Our system achieves an F1-score of 83.35% which is a state-of-the-art  result for fine-grained named entity 
recognition (FG-NER) task. The following table shows the performance of **MTSL** when learning FG-NER task with other 
sequence labeling tasks.

### Results in F1 scores for FG-NER

| Model                                           | FG-NER | +Chunk    | +NER (CoNLL) | +POS  | +NER (Ontonotes) |
|-------------------------------------------------|--------|-----------|--------------|-------|------------------|
| Base Model (GloVe)                              | 81.51  | -         | -            | -     | -                |
| RNN-Shared Model (GloVe)                        | -      | 80.53     | 81.38        | 80.55 | 81.13            |
| Embedding-Shared Model (GloVe)                  | -      | 81.49     | 81.21        | 81.59 | 81.24            |
| Hierarchical-Shared Model (GloVe)               | -      | 81.65     | **82.14**    | 81.27 | 81.67            |
| Base Model (ELMo)                               | 82.74  | -         | -            | -     | -                |
| RNN-Shared Model (ELMo)                         | -      | 82.60     | 82.09        | 81.77 | 82.12            |
| Embedding-Shared Model (ELMo)                   | -      | 82.75     | 82.45        | 82.34 | 81.94            |
| Hierarchical-Shared Model (ELMo)                | -      | **83.04** | 82.72        | 82.76 | 82.96            |
| Base Model (GloVe) + LM                         | 81.77  | -         | -            | -     | -                |
| RNN-Shared Model (GloVe) + Shared-LM            | -      | 80.83     | 81.34        | 80.69 | 81.45            |
| Embedding-Shared Model (GloVe) + Shared-LM      | -      | 81.54     | 81.95        | 81.86 | 81.34            |
| Hierarchical-Shared Model (GloVe) + Shared-LM   | -      | 81.69     | **81.96**    | 81.42 | 81.78            |
| Base Model (ELMo) + LM                          | 82.91  | -         | -            | -     | -                |
| RNN-Shared Model (ELMo) + Shared-LM             | -      | 82.68     | 82.64        | 81.61 | 82.36            |
| Embedding-Shared Model (ELMo) + Shared-LM       | -      | 82.61     | 82.32        | 82.46 | 82.45            |
| Hierarchical-Shared Model (ELMo) + Shared-LM    | -      | 82.87     | 82.82        | 82.85 | 82.99            |
| Hierarchical-Shared Model (GloVe) + Unshared-LM | -      | 81.77     | 81.80        | 81.72 | 81.88            |
| Hierarchical-Shared Model (ELMo) + Unshared-LM  | -      | **83.35** | 83.14        | 83.06 | 82.82            |

## 2. Installation

This toolkit requires Python 3.6 and depends on Numpy, Scipy, Pytorch, and AllenNLP packages.

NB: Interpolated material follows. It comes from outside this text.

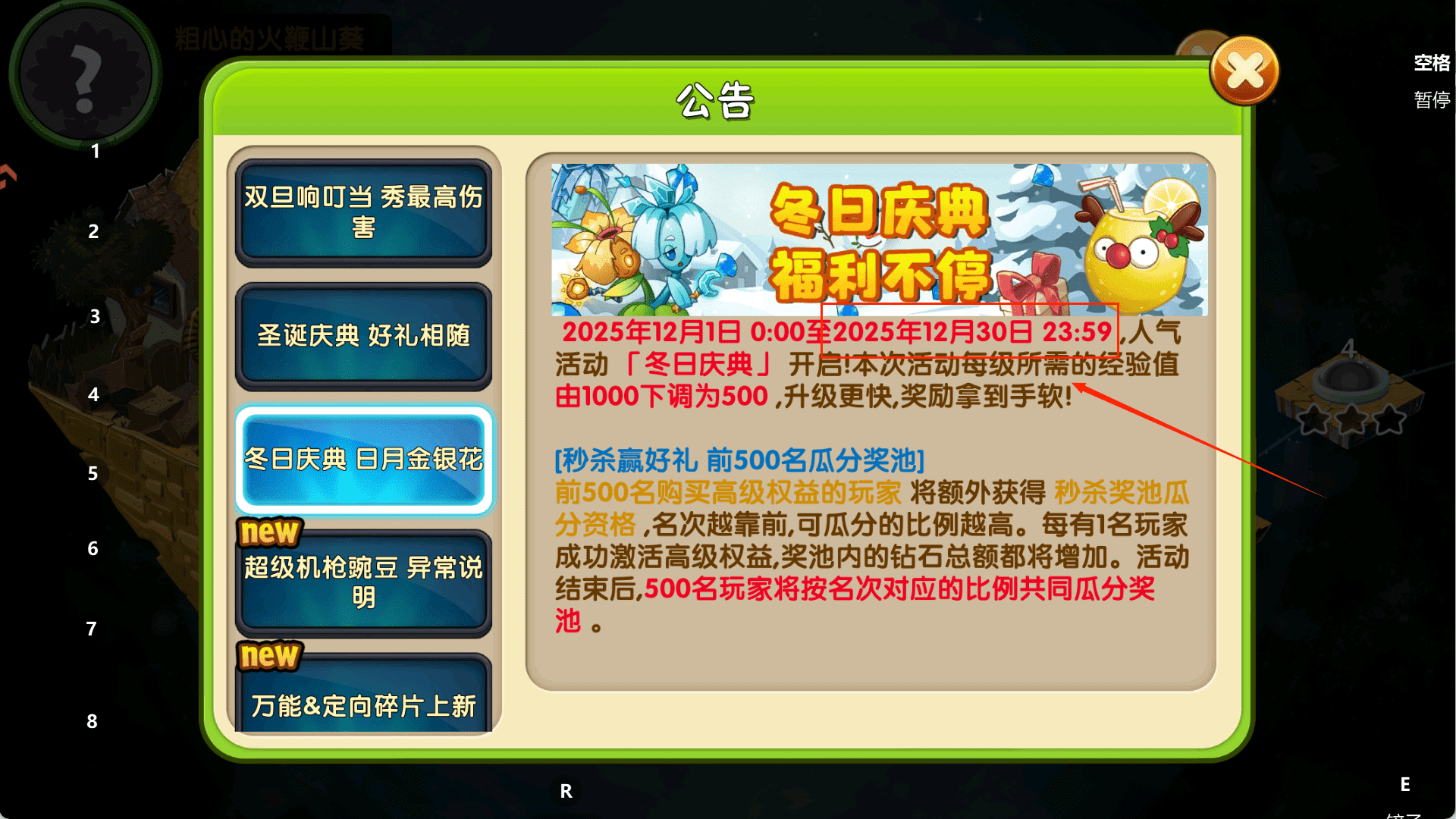 1、每天上线后,在游戏主界面的“公告”区找到“十二月签到奖励”图标,点进去就能看到排列整齐的奖励格子,里面放着金币、钻石、植物碎片和宝箱等各种好东西。

You must have them 
installed before using **MTSL**.

The simple way to install them is using pip:

```sh
	$ pip install -U numpy scipy pytorch allennlp
```

**Note**: You need to create **embedding** folder inside **data** folder and put embedding files into this folder before
using **MTSL** toolkit. For Glove embeddings: download embedding file from 
[here](https://nlp.stanford.edu/projects/glove/). For ELMo embeddings: download weight and option files from 
[here](https://allennlp.org/elmo).

## 3. Usage

### 3.1. Data

The input data's format of **MSTL** follows CoNLL format. In particular, it consists of two columns: one column for word 
and then another for label. The table below describes an example sentence in chunking corpus (CoNLL-2000).

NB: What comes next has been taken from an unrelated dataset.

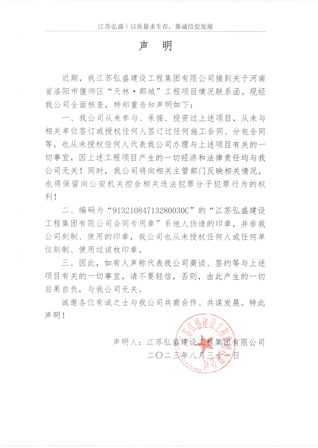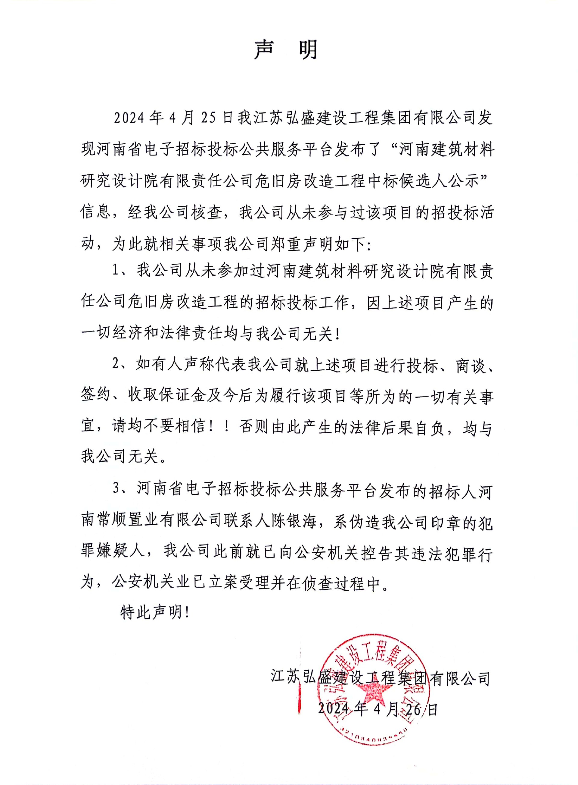 近期,我江蘇弘盛建設工程集團有限公司接到關于河南省鶴壁市“鴻城凱歌北區”工程項目情況的咨詢。現經我公司全面核查,特鄭重告知聲明如下:一、我公司從未參與、承接、投資過上述項目,從未與相關單位簽訂過任何施工合同、分包合同等,···

| Word             | Label |
|------------------|-------|
| His              | B-NP  |
| firm             | I-NP  |
| ,                | O     |
| along            | B-PP  |
| with             | B-PP  |
| some             | B-NP  |
| others           | I-NP  |
| ,                | O     |
| issued           | B-VP  |
| new              | B-NP  |
| buy              | I-NP  |
| recommendations  | I-NP  |
| on               | B-PP  |
| insurer          | B-NP  |
| stocks           | I-NP  |
| yesterday        | B-NP  |
| .                | O     |

**Note**: Only chunking corpus is provided in this toolkit.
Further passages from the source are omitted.